Kuaförde geçmek bilmeyen sıkıcı saatlerde yapılacak yegane şey (ipod'dan müzik dinlemenin dışında) sehpahalarda, tezgahta bulunan bilumum moda-magazin dergilerini okumaktır. Açıkcası kuaförde kitap okumak zordur çünkü sürekli çalışan saç kurutma makinesinin sesi, oradan oraya koşuşturan insanların telaşı insanın okuduğu kitaba yoğunlaşmasını zorlaştırır. Haliyle de önünde ne varsa ona gömülünür. Artık bu Alem mi olur, Elle mi olur, Marie Claire mi olur bilinmez ama saçlar kesilirken, boyanırken, eller manikür, ayaklar da pedikür suyundayken saatler başka türlü geçmez.
Sayfalar karıştırılmaya başlanır ve sıkıntı ile sıradanlık beraberinde gelir. Hiçbir özelliği olmayan, hep aynı şeylerden bahseden yazılardır bunlar arka arkaya sayfalarda dizilmiş. Orada bahsi geçenlerin hepsi zaten Vogue 'da, ilk elden okunmuştur, o halde daha "kötü" versiyonuna ne gerek var ki, diye düşünülse de saatleri geçirecek başka yol yoktur.

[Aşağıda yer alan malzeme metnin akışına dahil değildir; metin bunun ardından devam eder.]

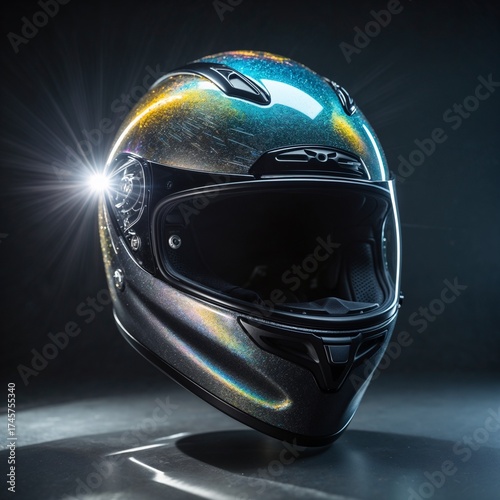 motorcycle helmet, iridescent, shiny, racing, protective, visor, aerodynamic, safety-gear, high technology, metallic, sparkling, futuristic, lens flare, modern, glossy, closeup, black background, sport, biker, road, innovation, sleek, fashion, hard-wearing, automotive, advanced, stylish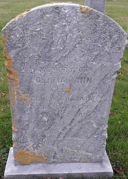 Parents Father: PHINNEY, Isaac Bent Mother: BORDEN, Sarah Birth Born on July 27, 1827 in Granville, Annapolis Co., NS Death Died on December 13, 1892 in Granville, Annapolis Co., NS Buried in All Saints Anglican Graveyard in Granville Centre, Annapolis Co., NS Marriages GILLIATT, William Allan Married on October 14, 1847 in Wilmot, Annapolis Co., NS Children GILLIATT, Edward Perry: September 20, 1848 - May 26, 1935 GILLIATT, William Allan: March 14, 1854 - December 17, 1942 GILLIATT, Hibbert Binney: 1861 - March 03, 1864 GILLIATT, Ida Borden: 1869 - November 01, 1871 Sources Annapolis Cemetery Records: Granville Centre All Saints Anglican Graveyard #82A Images Mary,Maria,Perry,Olivia,David,Edward,Asa Phinney Birth Olivia (Phinney) Gilliatt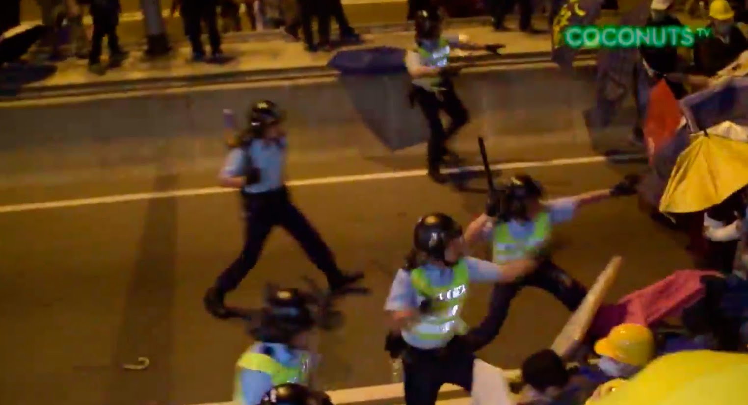 Hong Kong police were aggressive with their batons and pepper sprayed many, ultimately pushing the protesters back to their Admiralty camp.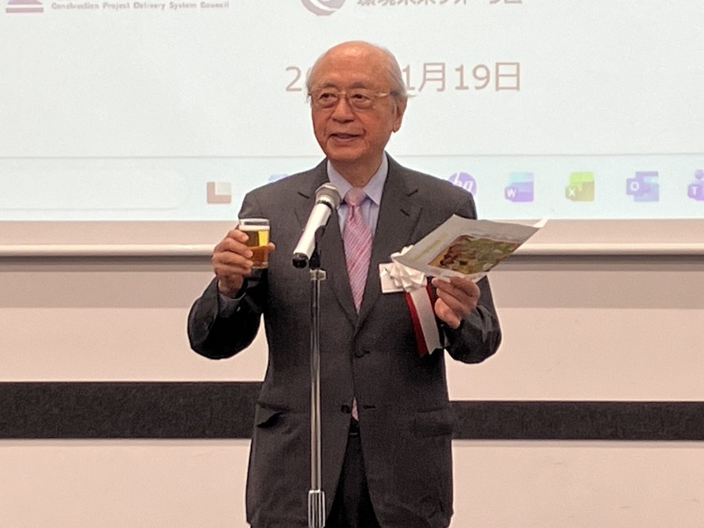乾杯のご発声は、当フォーラムの前田武志 代表理事が務め、CPDSの花村邦昭 代表理事より新年のご挨拶がありました。花村代表からは参加者の皆様に近著『AI-DX時代「人間力」経営』が贈られました。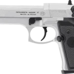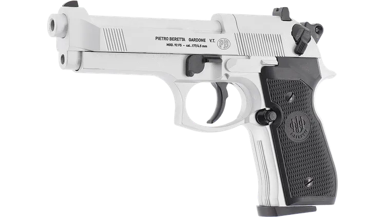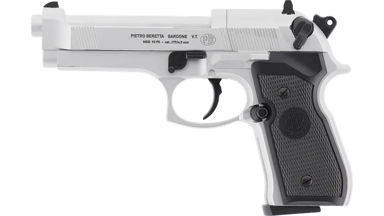 For these reasons it has a permanent place in the Umarex product range and has always been manufactured at our headquarters in Germany, where it was developed.In order to do justice to the famous original, this CO₂ version puts the emphasis on precise, reliable action. The Beretta MOD. 92 FS therefore has a two-part slide and an 8-round rotary magazine that is inserted right in front of the barrel. This ensures that pellets are fed precise into the rifled barrel. The 12-g CO₂ cartridge is housed in the full-metal frame for easy access. Each cartridge can fire as many as 60 rounds at an energy of up to four joules for continuous, powerful operation. A rifled barrel and adjustable sight ensure good accuracy. With its choice of single or double action and authentic safety lever, the Beretta MOD. 92 FS leaves nothing to be desired. Appearance has not been neglected. The Beretta MOD. 92 FS is available in plain black and nickel-plated models with additional wooden grip plates.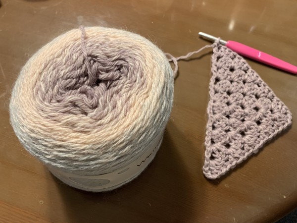 ほぼひと玉分編めました。底辺110㎝、高さ55㎝。きれいな直角二等辺三角形です。私の記憶の中にある昔使っていた三角ショールにかなり近づいていて嬉しい。。もう少し大きくしたいので、もうひと玉は外側から糸を使ってグラデーションを戻って行きます!グレーの範囲が多くなりすぎちゃうかな…。。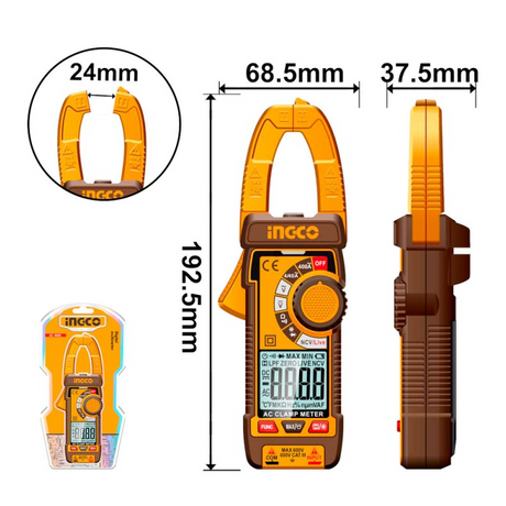INGCO DCM62001 – Multimetro con Pinza Amperometrica Digitale AC 400A | True RMS | 4000 Counts

Bir de "editörden notlar" gibi derginin ilk sayfalarında yeralan yazılar vardır ki, aman yarabbim, tam anlamıyla evlere şenliktir bu yazılar.
Bütün moda editörleri mi kendisini Anna Wintour sanar? Evet sanırmış. Bu ülkedeki bütün moda dergilerinin editörleri birer Anna Wintour 'muş. Hepsi aynı aile soyundan gelmiş, aynı iktidara, beceriye, üretkenliğe, eğitime ve en önemlisi öngörüye sahiplermiş de, biz "fani" okuyucular farkında değilmişiz. Hani Anna Wintour denen şahsiyetten pek hazzetmesem de, yiğidin hakkını yiğide vermek lazım. Sevilir, sevilmez o tartışılır ancak kimsenin yapamadığını yaptı, kimsenin sahip olamadığı güce sahip oldu, yönettiği efsanevi dergi Vogue'dan dahi fazla bilinir oldu. O halde, bizdeki moda dergilerinde böyle bir durum var da, biz mi gözden kaçırıyoruz, göremiyoruz, hatta kıskançlığımız kör ediyor bizi?
E yok haliyle böyle bir şey ortada...
Ne var ki, Türkiye boşluğun varlığa dönüştüğü, herkesin her şeyi yaptığı, her şeyi bildiği ülke olduğu için ortaya bu tür bir yanılsama çıkıyor.
O aylık "editoryal mektubu" yazan kadın diyor ki: " ben geçen ay şuradaydım, oradan business class uçarak buraya gittim, aynen Sex and the City gibi hayatım var, hatta Carrie karakteri var ya, o benim işte (nedense türk kadını hayran bu Carrie karakterine. Kime sorulsa, kendisini bu karakterle özleştiriyor), ayrıca yapma sarışınım ama şimdi doğallık moda diye biraz kızıla döndüm, ne yazık ki ortadoğulu kadın genleri taşıdığım için kalçam biraz büyük, o yüzden sürekli rejimdeyim ama mantıya dayanamam ve size de iyi okumalar".
Gerçekten çok ama çok sıkıcı! Verilen paraya, tüketilen zamana yazık. Arada bir de olsa, bazı dergilerde free lance olarak çalışan ve modadan anlayan, iyi bir genel kültüre sahip moda editörleri de çıkmıyor değil hani, ancak bizim yerli, çılgın Carrieler bu editörlere pek geçiş izni vermiyor yüksek sıfatlara yükselmelerine.
Kısacası yerli moda dergileri pek bir vasat ve pek bir sıradan. Her ay yayınladıkları "must have" listeleri ayrı bir şekilde ilginç oluyor, çünkü "bu sezon herkes mutlaka 2500$ değerindeki Fendi B Bag almalı" diyen muhabirin 5 aylık maaşı değerinde böyle listeler yapması epey bir gülünç hatta grotesque kaçıyor.
Neticede yerli malı yurdun malı da, açıkcası yerli malı Elle, Madame Figaro vs. beni aşar, mümkünse uzak durayım. Onun yerine alırım her ay alırım Vogue UK 'imi, çeviririm sayfalarını keyifle, kâh elimde kahve, kâh şampanya.